Try it — Your answer should consist only of the lines below from the one with "Чехол для ключей" through the one with "Blue Tie dye", copied exactly.

The data —
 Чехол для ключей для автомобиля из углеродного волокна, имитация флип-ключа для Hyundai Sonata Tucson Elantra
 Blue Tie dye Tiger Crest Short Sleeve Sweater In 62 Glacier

---

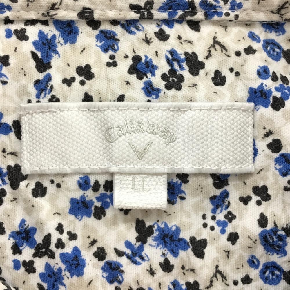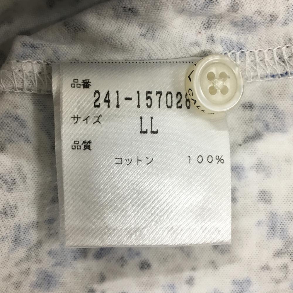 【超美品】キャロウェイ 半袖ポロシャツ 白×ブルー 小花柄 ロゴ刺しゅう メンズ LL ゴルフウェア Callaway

---

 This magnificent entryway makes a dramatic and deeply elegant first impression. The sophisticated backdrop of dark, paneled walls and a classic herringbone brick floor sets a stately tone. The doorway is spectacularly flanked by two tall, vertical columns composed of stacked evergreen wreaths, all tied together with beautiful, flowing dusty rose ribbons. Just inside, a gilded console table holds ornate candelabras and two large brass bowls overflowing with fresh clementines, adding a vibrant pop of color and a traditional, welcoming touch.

Task output —
 Чехол для ключей для автомобиля из углеродного волокна, имитация флип-ключа для Hyundai Sonata Tucson Elantra
 Blue Tie dye Tiger Crest Short Sleeve Sweater In 62 Glacier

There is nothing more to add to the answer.